Under Mr. Swanepoel's leadership over the last two years, Zambeef has built an efficient supply chain and opened a handful of bustling retail stores in one of Africa's toughest but most promising markets. His goal is to turn the Zambian meat-and-produce company into Africa's Coca-Cola for meat, with Zambeef's Master Meats brand in shops and market stalls across the continent.

With annual revenue of $162 million, Zambeef is a bite-size example of companies small and large expanding in Africa, transforming the world's next billion-person market in similar ways to how earlier economic booms changed China and India.While U.S. and European companies are waking up to the continent's accelerating growth, scores of African companies like Zambeef also are expanding.

Telecommunications company MTN Group Ltd. has scooped up 116 million subscribers in 21 African countries on the continent from its headquarters in South Africa. Nigeria-based Dangote Cement PLC has acquired land and opened plants in Ghana, Cameroon and Ethiopia. Togo-based Ecobank Transnational Inc. set up branches in 30 African countries, doubling its presence in five years.

While the economies of U.S., Europe and Latin American contracted in 2009, Africa's grew. The International Monetary Fund in October forecast that growth in the 47 countries of sub-Saharan Africa will reach 5.5% this year. That growth is creating legions of consumers.

Around 10 million Nigerians moved into the middle-income bracket, meaning they could buy more than just necessities, in the past five years, according to an estimate by London-based private-equity firm Actis LLP. Nigeria's estimated $9 billion market for red-meat products is the continent's second biggest, after South Africa, according to a recent study sponsored by the British government.

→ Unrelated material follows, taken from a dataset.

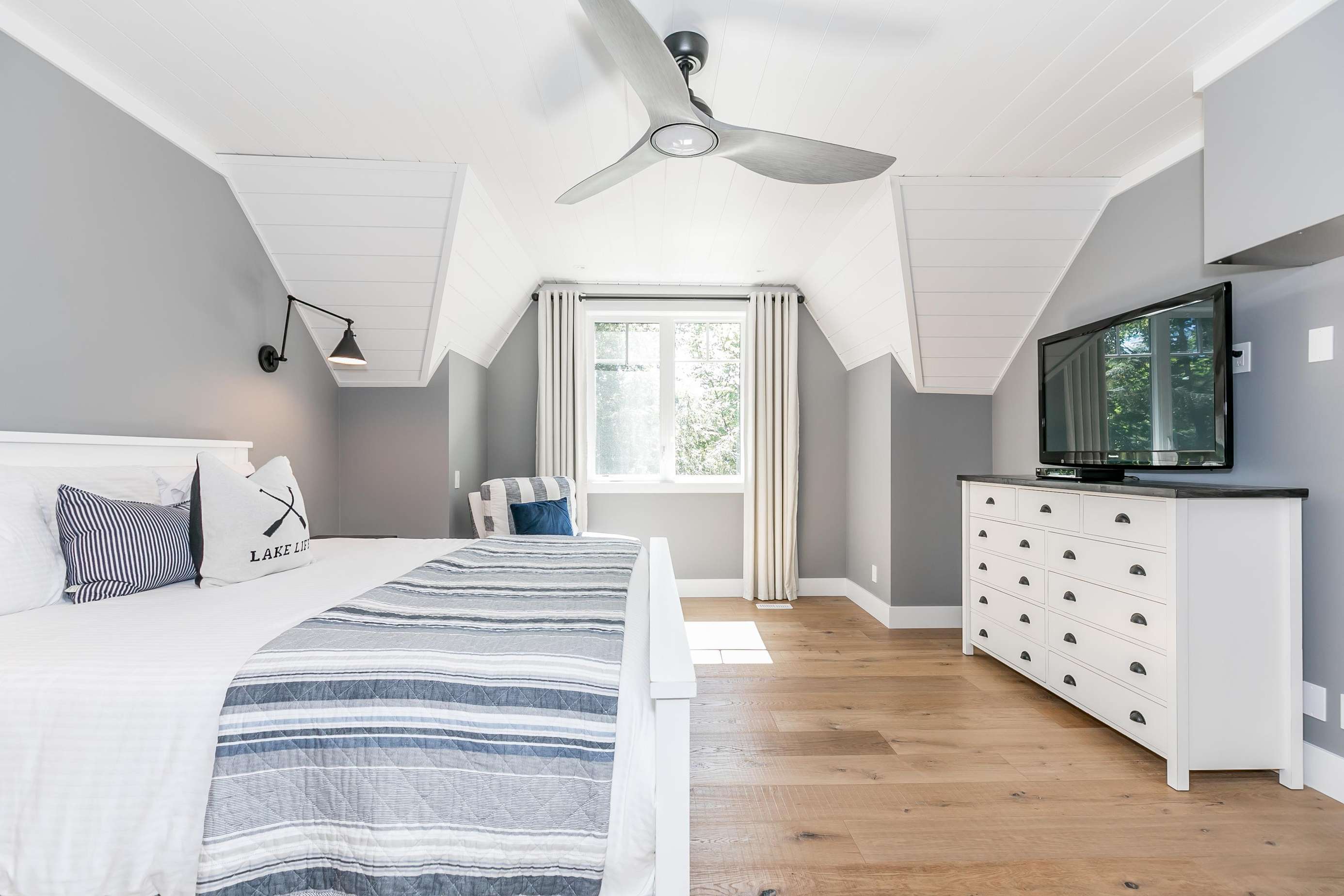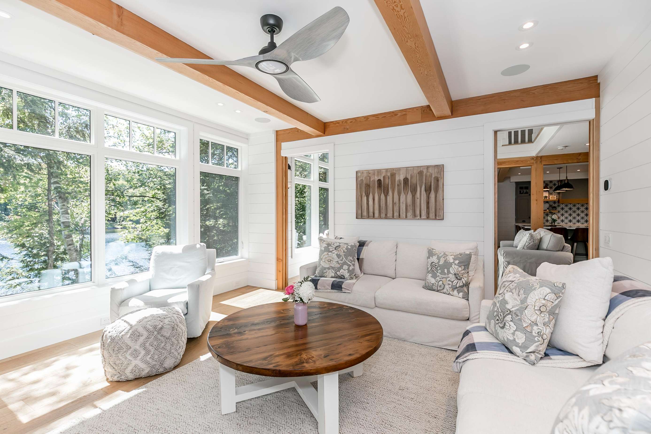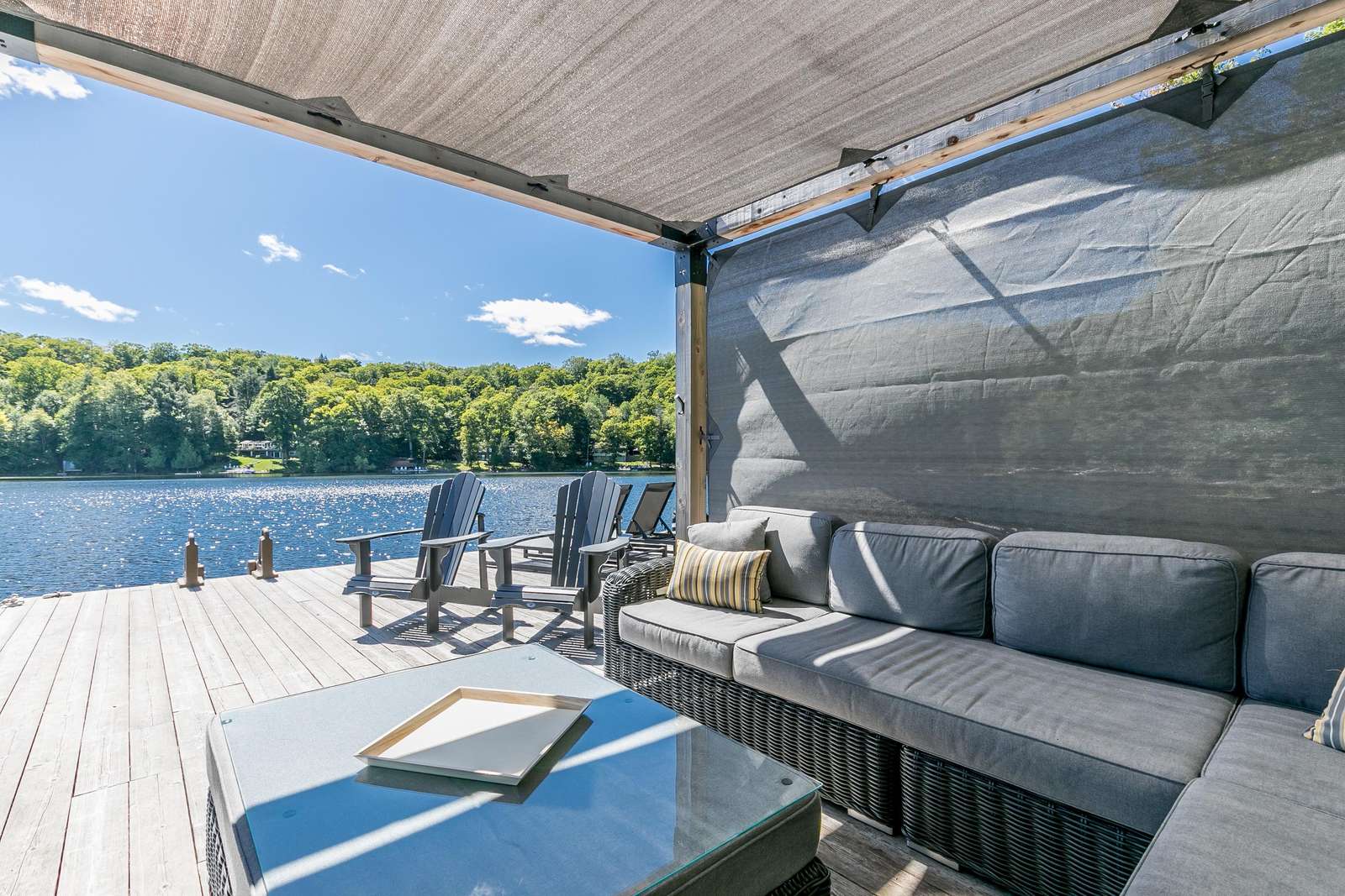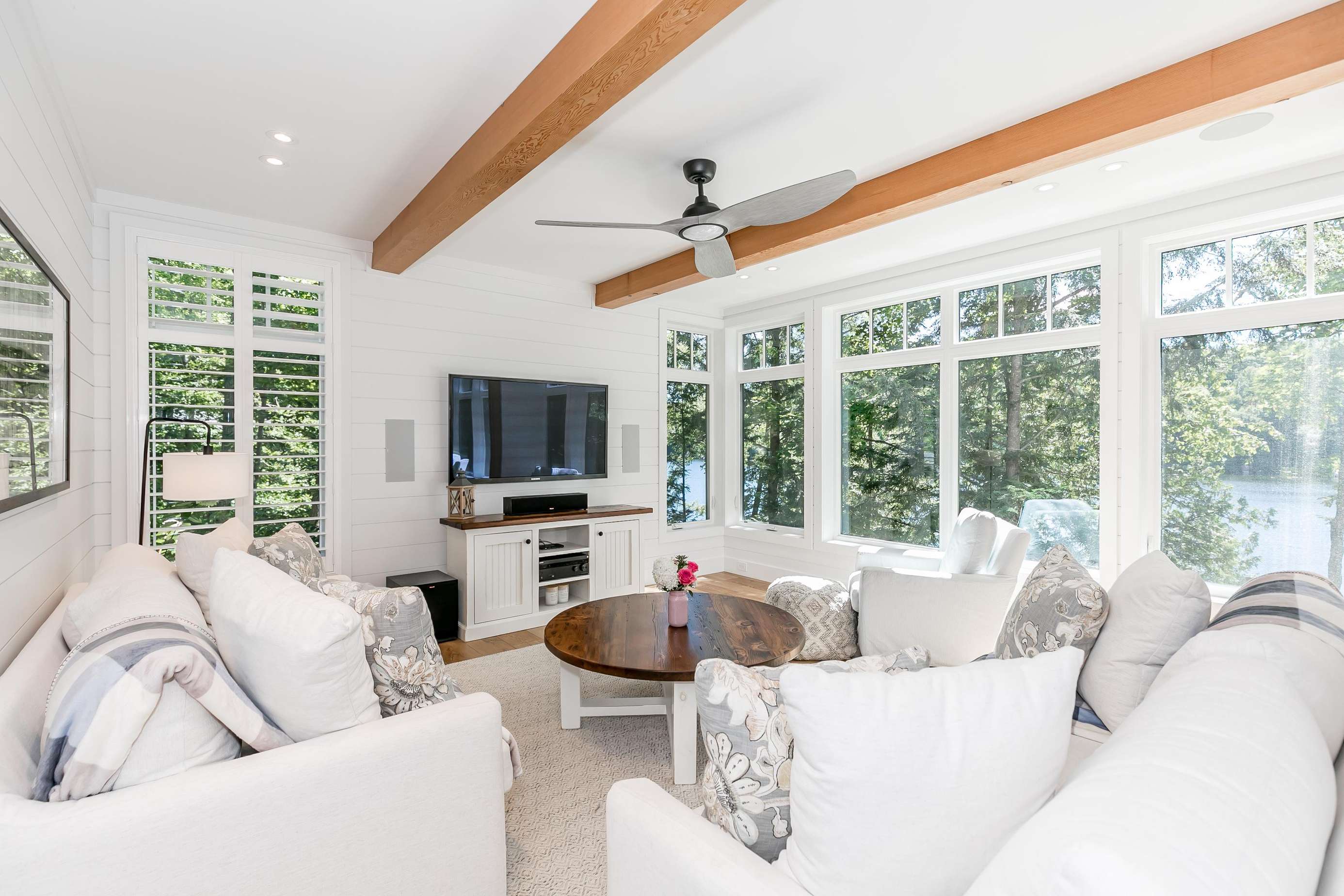 The sunbeams into this beautiful room! Featuring two plush sofas (one pull-outs to a queen bed) and a flatscreen TV with surround sound and stunning views of the lake.

Zambeef expects that as the middle class in this country of some 150 million people grows, so, too, will the number of people shopping in Western-style stores. The company hopes to lure customers used to buying meat in open-air markets by offering clean, packaged products while charging only slightly more than the markets. While a pound of beef might cost around $4.10 at a Lagos open-air market, Zambeef might charge about $4.75.

Multinationals also have high hopes for Nigeria. "We see Africa, with its one billion inhabitants, as a continent of limitless possibilities," Nestle SA Chief Executive Paul Bulcke said last week as he opened an $80 million factory in the same state as Zambeef's farm.

No one, however, is discounting the perils of investing in a continent rife with corruption, short on dependable infrastructure and heavy with unstable governments, as Northern Africa has shown in recent weeks.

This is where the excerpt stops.